With respect to fracking though this is the point of the regulatory regime:
Sir Jim Ratcliffe's Ineos has launched a stinging attack over the way fracking is being regulated, claiming the industry "is being stopped from moving forward".
The petrochemicals and energy giant, owned by Britain's wealthiest man and one of two companies with the right to undertake fracking in England, has threatened to walk away from operations unless regulations are loosened.
Fracking must be halted if tremors of 0.5 or more on the Richter scale are triggered - a limit Sir Jim's company wants revising to a more "sensible" level.
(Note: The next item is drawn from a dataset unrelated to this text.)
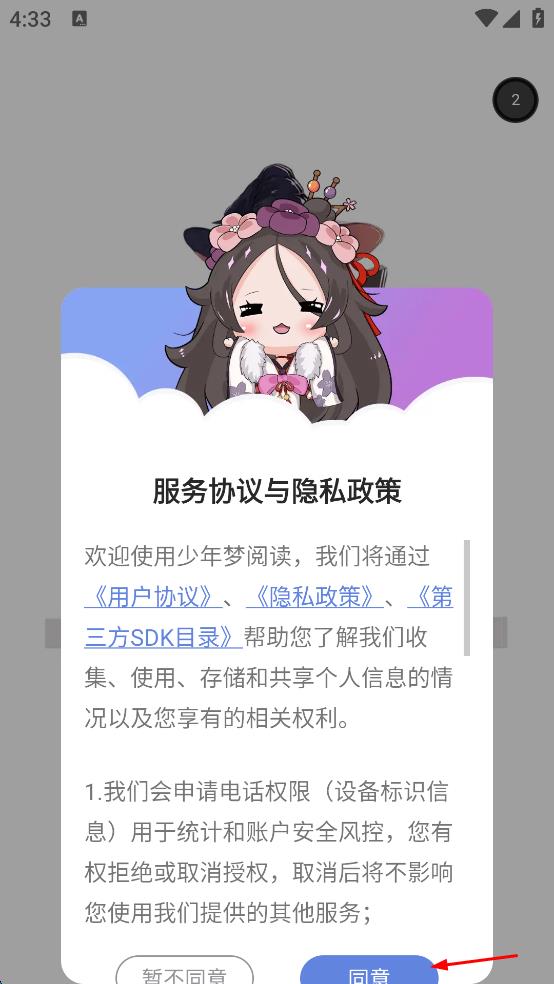 1、打开少年梦阅读APP,弹出服务协议与隐私政策窗口,阅读后点击“同意”按钮,进入APP主界面。
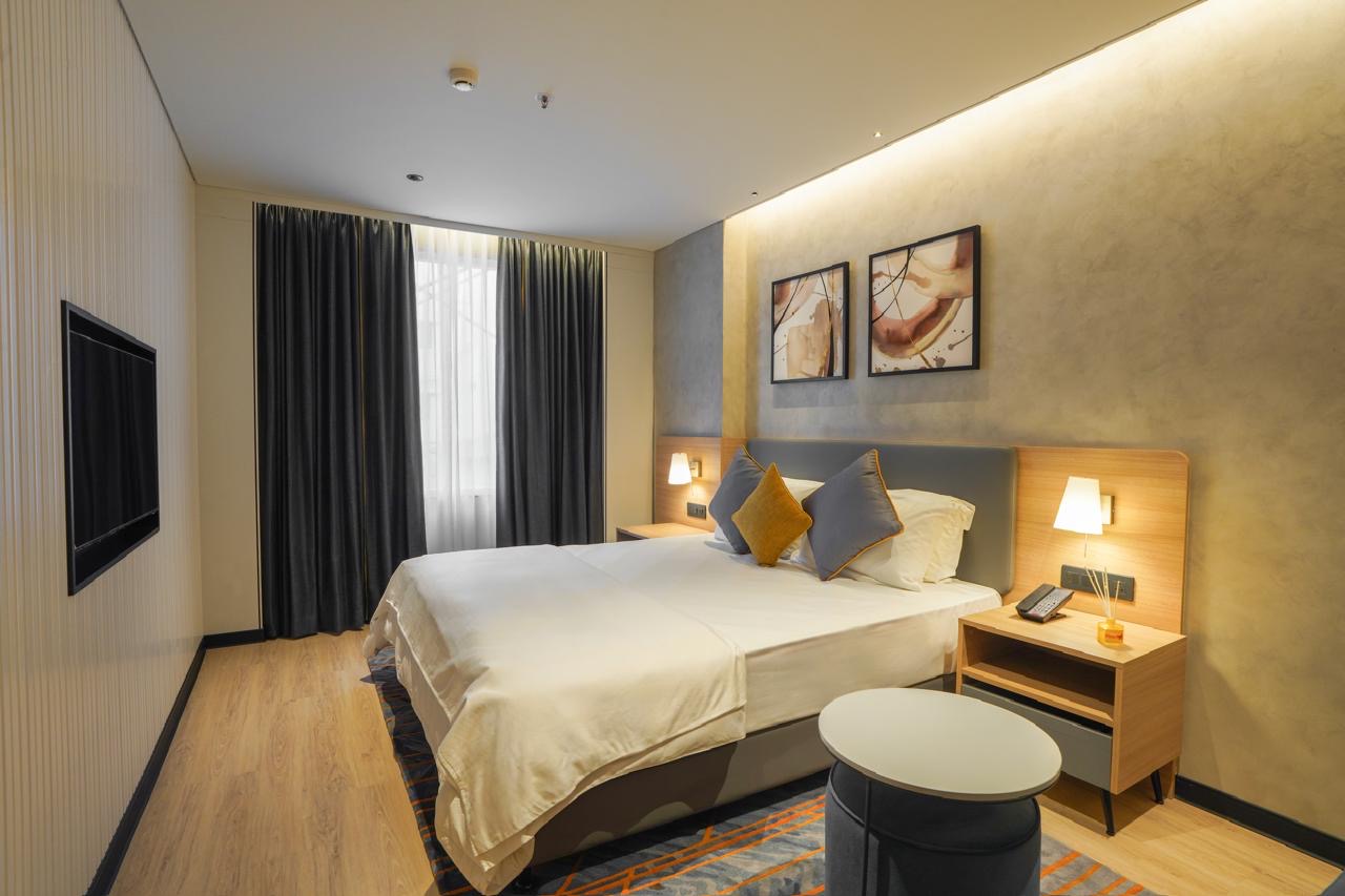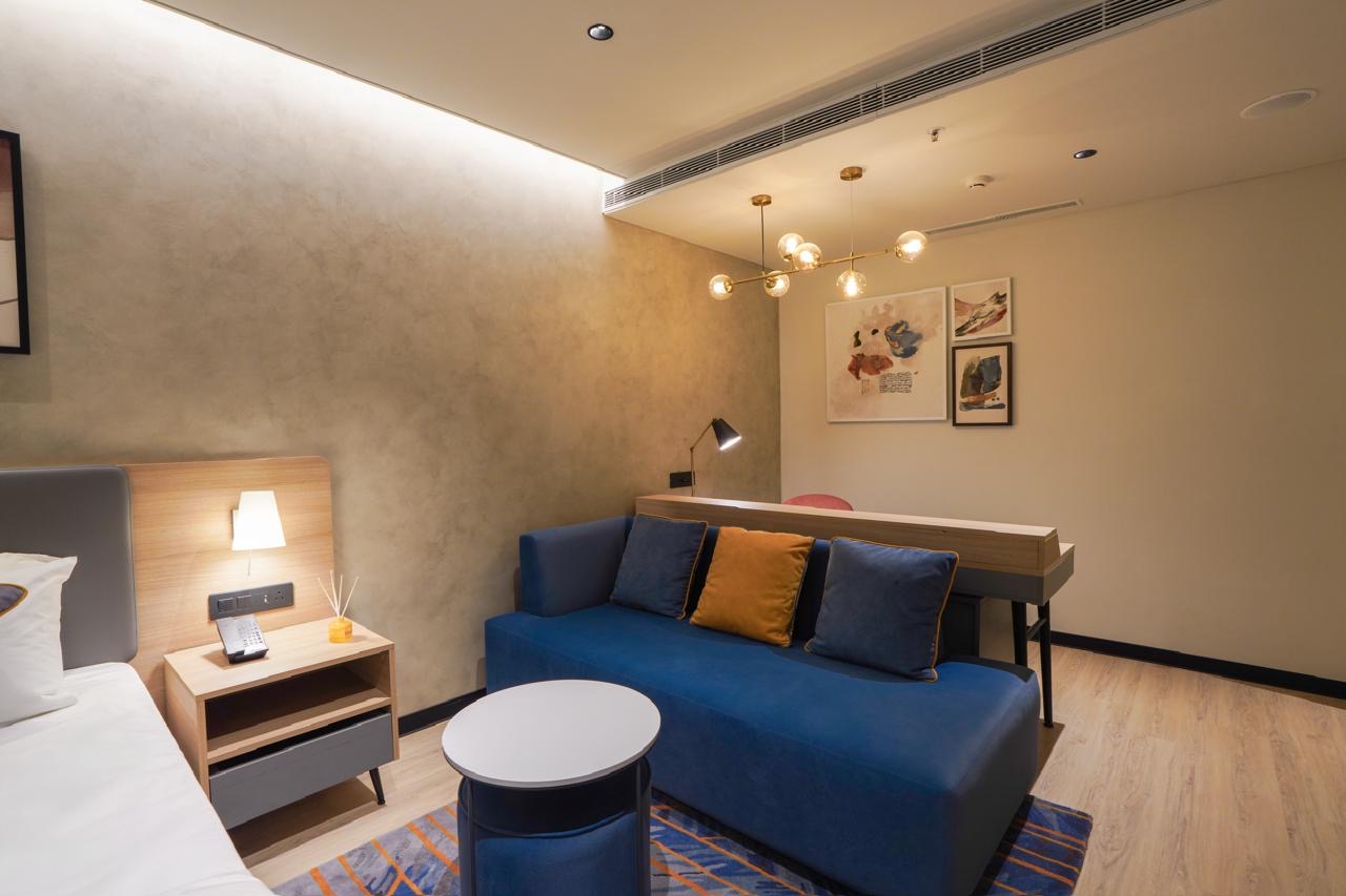 Wake up to soft light, clean lines, and a calm room designed for focused work or quiet rest. High-speed Wi‑Fi, air conditioning, and 24/7 on‑ground support make it easy to settle in. Perfect for solo travellers or couples visiting Bangalore.

The point being that there are those who oppose fracking on basic, even philosophic, grounds. They were able to get that 0.5 limit put in place. Not because it’s a sensible number or anything, but so that it’s an entire and complete barrier to anyone doing any fracking. By their lights this is a Good Thing. Britain is left poorer by not being able to use a cheap and abundant energy source.
As to proof that it’s not a sensible number, the British Geological Survey lists recent earthquakes. In the first 15 days of this month there were quakes over that 0.5 limit in Silecroft, Middlesbrough, Newdigate, Blairlogie, Hodnet and County Donegal. Two of those were felt by no human being at all or whatsoever. Fracking is, under the law, banned in those places for some number of days this month. No one has been fracking in any of those areas.
Ratcliffe is stating that this 0.5 limit precludes anyone fracking effectively or economically. Yes, he’s right. But to those who instituted the limit that’s the very point. They positively insist that we must all be poorer.